House debates
Thursday, 2 July 2026
Matters of Public Importance
Cybersafety
4:10 pm
Zoe McKenzie (Flinders, Liberal Party, Shadow Cabinet Secretary) | Hansard source
The minister was outraged by the simple act taken by the Senate last night to refer the legislation to the Environment and Communications Legislation Committee for investigation, with a reporting date in August—a three-month inquiry—acting like we, working with their bedfellows in the Greens, personally put Australian children at risk because we dared to demand a modicum of scrutiny for this legislation. We dared to demand an investigation into whether the flimsy measures contained in the bill will, in fact, do what we all want to see—meaningful barriers between young people and the most dangerous aspects of social media to mitigate its negative effect on mental health and wellbeing, to close it down as a means of transmission for child sexual abuse material and to block it as a vector for extremism.
A few days ago, I gave my speech in the second reading debate on the government's strengthening bill, and in it I provided a brief history lesson for those on the other side, reminding them that they failed repeatedly to pick up and act on our determination to do something about the harm social media was doing to young Australians—harm I had raised in my maiden speech in September 2022, harm which is detailed repeatedly in the books of Jean Twenge and Jonathan Haidt and by local researchers like Brad Marshall, harm which the then leader of the opposition committed to investigate back in April 2024 and then to act on a few days later, and harm the premiers of New South Wales and South Australia had agreed they would act on by mid-2024, frustrated by this government's failure to actually act.

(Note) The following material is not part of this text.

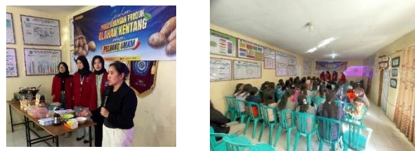
Gambar 4. Pelaksanaan Sosialisasi

The activity started at 15.00 WIB at the Ngadiwono Village Office together with the PKK (Family Welfare Empowerment) mothers and also together with the ranks of village officials such as the Village Head to conduct socialization from the KKN-P 12 Umsida Team regarding the Socialization Program for the Development of Processed Potato Products as an Opportunity for MSMEs. Guests are welcome to ask questions about the Development of Potato Processed Products as an Opportunity for MSMEs and processed potato products that have been made by the UMKM Division of KKN-P 12 Umsida. The activity ended at 17.00 WIB. The community gained new information and skills on how to make processed potato products that have high selling value, and are useful for developing and boosting MSMEs in Ngadiwono Village.

When the Prime Minister did finally relent and agreed this government would act, the draft legislation was introduced into this place in a rush, and the Senate was given four days to conduct an inquiry—four days. And now this government dares to throw a hissy fit because the Senate demands a three-month inquiry. 'Trust us,' the government says. 'Trust us. We failed the first time, but this time we won't. You don't need an inquiry. You don't need to test the efficacy.' Well, guess what? Trusting you didn't pay off last time. Australia ended up with a legislative framework that didn't do the job.